In 2018 Boston’s Roxbury neighborhood learned of a developer’s intention to raze the historic African Orthodox Church at 50 Cedar Street and replace it with condos. It seemed an uphill battle when the Highland Park Neighborhood Coalition (HPNC), of which I am the co-chair of the Preservation Committee, decided to try to save this church building beloved to the neighborhood: The building was in a poor state of repair, which did not help claims to preserve it, and the fight involved one of the biggest real estate developers in the city. They had full-time employees, lawyers, and consultants working to take this building down, while we were just volunteers from the neighborhood trying to wage this battle while juggling jobs, kids, and everything else.

Exterior of the African Orthodox Church. | Credit: Peter Vanderwarker, courtesy Historic Boston, Inc.

It quickly became apparent that we were not going to win our battle simply by pleading with the developers to do the right thing. In order to prevent demolition, we had to move quickly to prove the building's importance and significance to the local community. It is while researching the building's significance, that a remarkable story began to reveal itself – a story that had been somewhat obscured by time but is now clear to everyone once again. The research revealed that there is a layer of intangible heritage related to community practice and interaction, that is not readily discernible through the physical structure. The challenge was figuring out how to present that significance by using existing designation criteria, criteria that was rooted in the architecture and physical building.

The History of the African Orthodox Church

The importance of the African Orthodox Church was not so much for its architecture as for the way it preserves a built record of two communities’ efforts to create something for themselves in America. The building tells a story by way of the groups that inhabited it. The first of these groups were laboring-class immigrant Norwegians, who built this building for themselves in 1910 not just as a spiritual home but as a place to help their newly-arrived countrymen assimilate to a new and unfamiliar world. The Norwegian church ran a settlement home and taught newcomers trades to enable them to become part of the new land they had adopted as home. As a fully dedicated, surviving center for assimilation of this type, it is perhaps unique in the city.

Interior of the African Orthodox Church. | Credit: Peter Vanderwarker, courtesy Historic Boston, Inc.

Similarly, when the African Orthodox Church (AOC) purchased the building in 1955, it was a matter of building community for Caribbean immigrants. This initiative was directly inspired by Marcus Garvey’s movement that stressed the idea of black identity and which was closely tied to the founding of the AOC. To create this racial pride and autonomy, founding a church was a central element, and many of the original AOC members mortgaged their own homes to fund the purchase of the 50 Cedar Street building, and this was not the last of their efforts to make Roxbury a better place. Through the AOC’s connection to the Civil Rights movement via Marcus Garvey, and through their efforts at African-American self-determination via projects to build housing in the neighborhood and organize the community, they actively strived to extend what this building itself housed to the community at large.

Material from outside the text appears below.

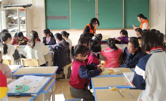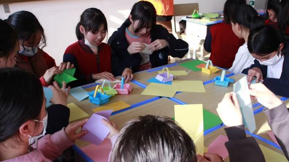 手工课上,志愿者结合菜篮的谜语开始花篮的折纸教学,并穿插脑筋急转弯题目让孩子们动手又动脑,启发孩子们思考,课堂生动有趣。教学活动结束后,为表现优异的孩子颁发小礼品。

We tend to think that buildings are just the unchanging, physical material of which they are constructed, but in fact a ‘building’ is also what is made within it in the lives and memories of the inhabitants. In fact, in Boston our landmarking law is more focused on the people and events associated with a building rather than its architectural quality, but the laws restrict what is deemed important only to associations at a state or national level of importance. The everyday lives and experiences of people, which are the bulk of the lived experience of this country are the intangible story that is often left untold. Fortunately for us in Highland Park, the associations at 50 Cedar did rise to a national level of importance via the connection to Marcus Garvey and the Civil Rights movement, but this also allowed the intangible parts of the story – the lives of the Caribbean and Norwegian congregations that were here – to also become part of what is now landmarked and preserved as a record of history for future generations.

Sign advocating for the protection of the African Orthodox Church. | Credit: Highland Park Neighborhood Coalition

Research revealed that there is a layer of heritage preserved at this site (and others like it) that requires us to look at associations that are social and historical and not readily discernible on the surface. Incredibly important stories are preserved in intangible ways, and if we let the structures disappear that preserve these invisible histories, we let go of our own history. Once the research started to uncover the these parts of the building’s importance in immigrant and Civil Rights history, the pieces of our argument to preserve it started to fall into place.

As community stewards of this building, we in the neighborhood feel ourselves to be the inheritors of this mission to determine pathways for our community that provide respite from oppression, violence, and greed. This building serves as a symbolic reminder of the efforts of those who have come before us to preserve practices of community-building, and the effort to preserve the building extends that same community-building purpose. This building is a memory of people who helped others, and it serves as an inspiration for that type of work to continue.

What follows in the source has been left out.